● **DATASET SECTION**
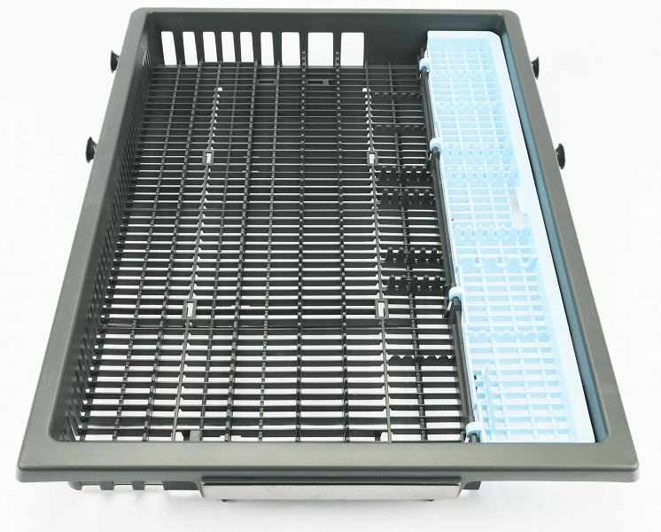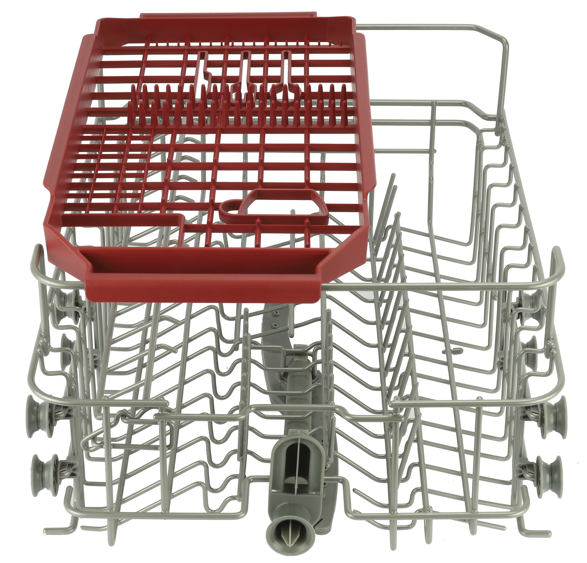 Верхняя корзина состоит из двух частей: рамы с роликами по бокам и пластикового решетчатого подноса с разделителями. Поднос можно вынимать и разбирать столовые приборы на столе, а если его вытащить и не использовать, значительно увеличив пространство средней корзины в высоту, это позволит поставить в нее высокую крупную емкость.
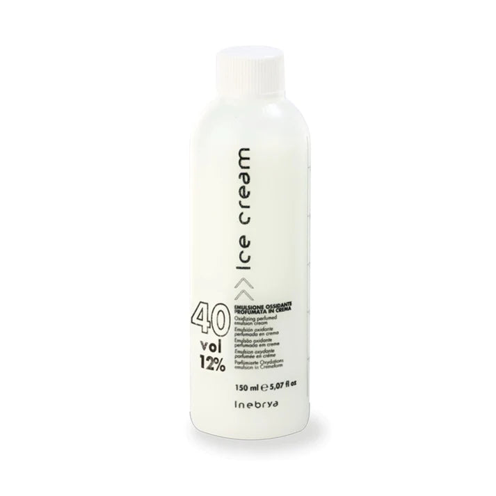 Emulsione ossidante profumata cremosa a base di acqua ossigenata.
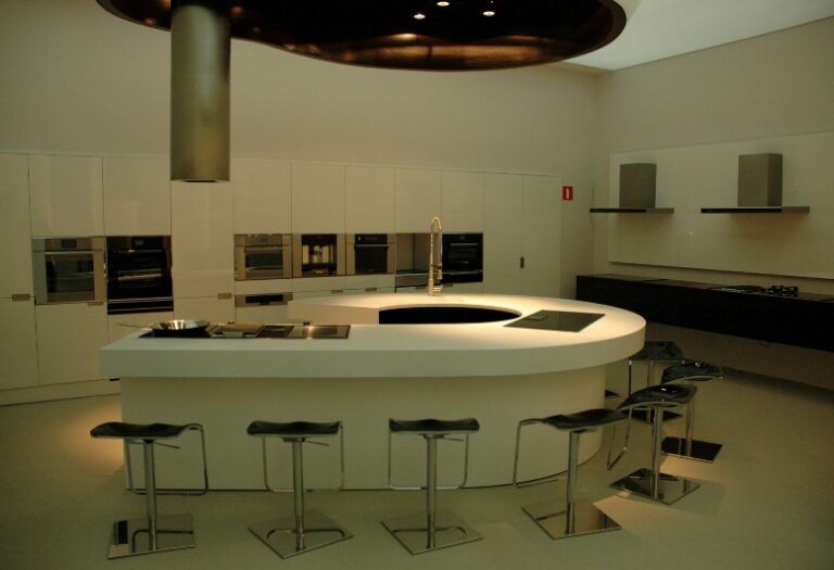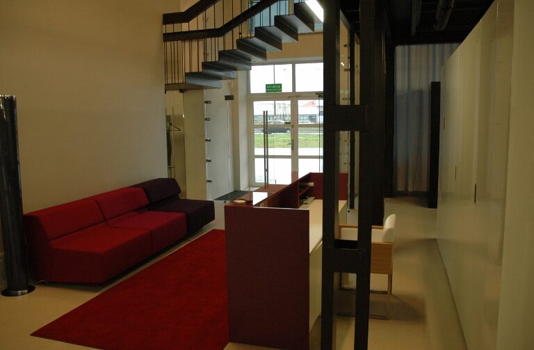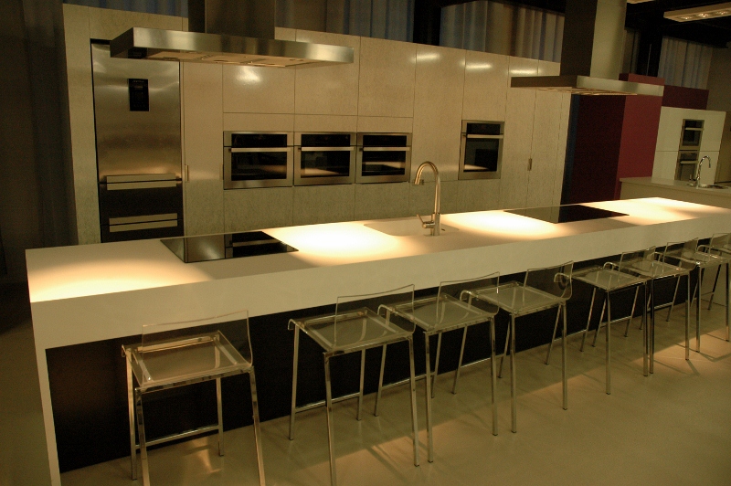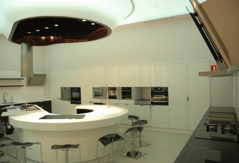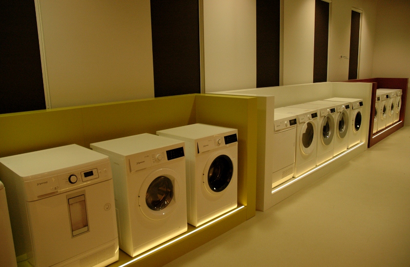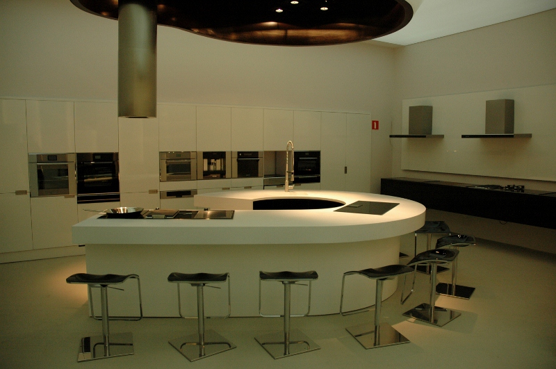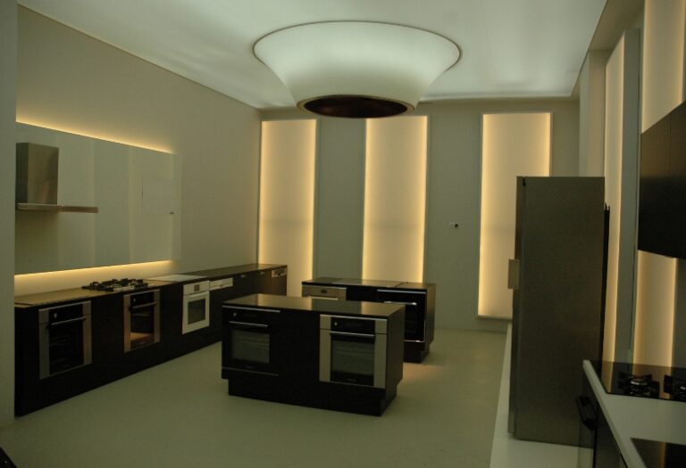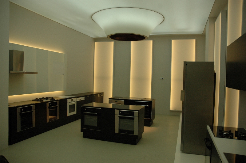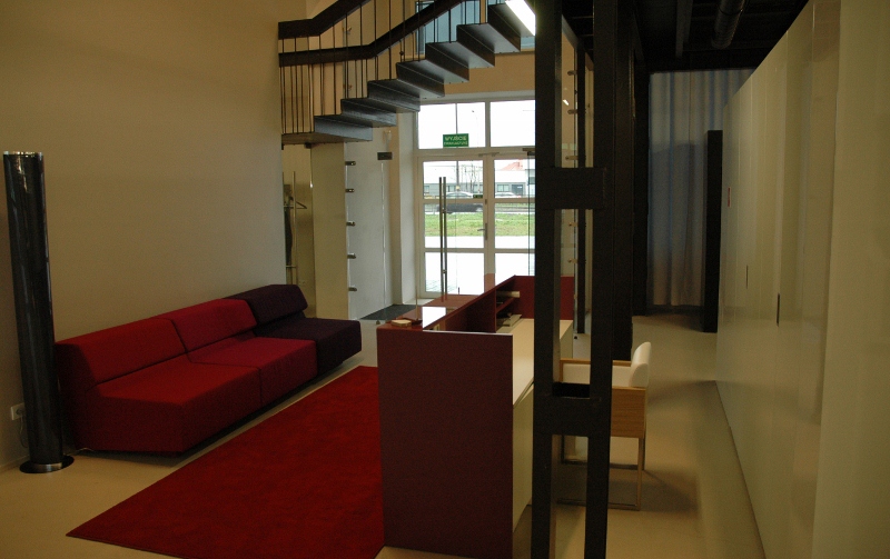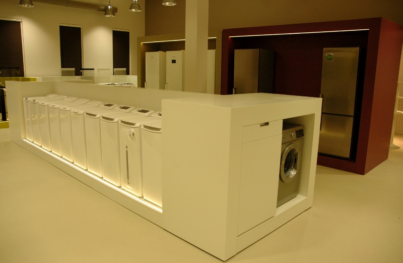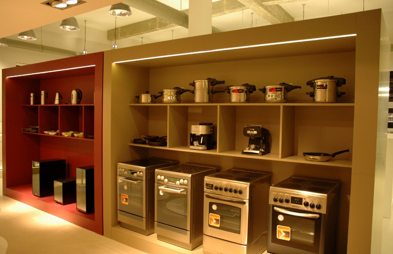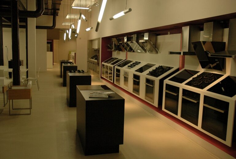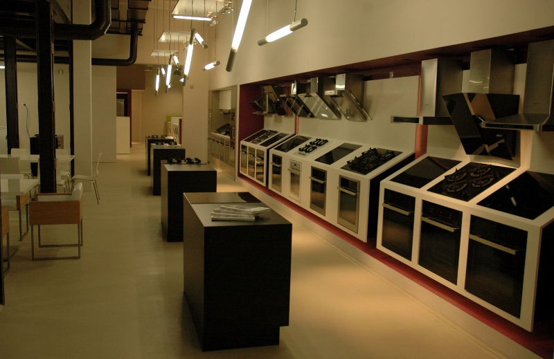 Najtrudniejsze zadanie, przed jakim stanęła firma – kompleksowe wyposażenie „pod klucz” salonu wystawienniczego firmy Fagor-Mastercook. Elementy wyposażenia wnętrz dostarczone i zamontowane przez firmę: Nietypowe zabudowy meblowe – jako ekspozytory sprzętu AGD – wykonane z płyty laminowanej hpl oraz płyty mdf lakierowanej, z blatami kamiennymi, z laminatu hpl i Corianu. Ekspozytor na drobny sprzęt AGD wykonany w formie półek z płyty mdf lakierowanej na stelażu stalowym lakierowanym proszkowo. Zabudowy okien: w formie zasłon, rolet i obitych materiałem oraz podświetlonych ledami ram drewnianych. Obrotowy wieszak na ubrania – wykonany ze stali lakierowanej proszkowo. Meble standardowe: fotele tapicerowane skórą naturalną 03/740, hokery z siedziskiem z metakrylu 03/570 i 03/1172, stoły z blatem laminowanym hpl na podstawie ze stali nierdzewnej 02/Bax-56, sofa tapicerowana Magnetic firmy Iker, lampa stojąca firmy Casamania, meble do sali konferencyjnej firmy BN Office Solution. Zlewozmywaki i baterie kuchenne firmy Kludi oraz Blanco. Zakres prac obejmował również wykonanie podłączeń elektrycznych i hydraulicznych.

● **EXERCISE INSTRUCTIONS**
Retype nothing except the lines from the first line of the listing above through the line with "Emulsione ossidante profumata", exactly as they stand, and no pictures.

● **REPLY**
 Верхняя корзина состоит из двух частей: рамы с роликами по бокам и пластикового решетчатого подноса с разделителями. Поднос можно вынимать и разбирать столовые приборы на столе, а если его вытащить и не использовать, значительно увеличив пространство средней корзины в высоту, это позволит поставить в нее высокую крупную емкость.
 Emulsione ossidante profumata cremosa a base di acqua ossigenata.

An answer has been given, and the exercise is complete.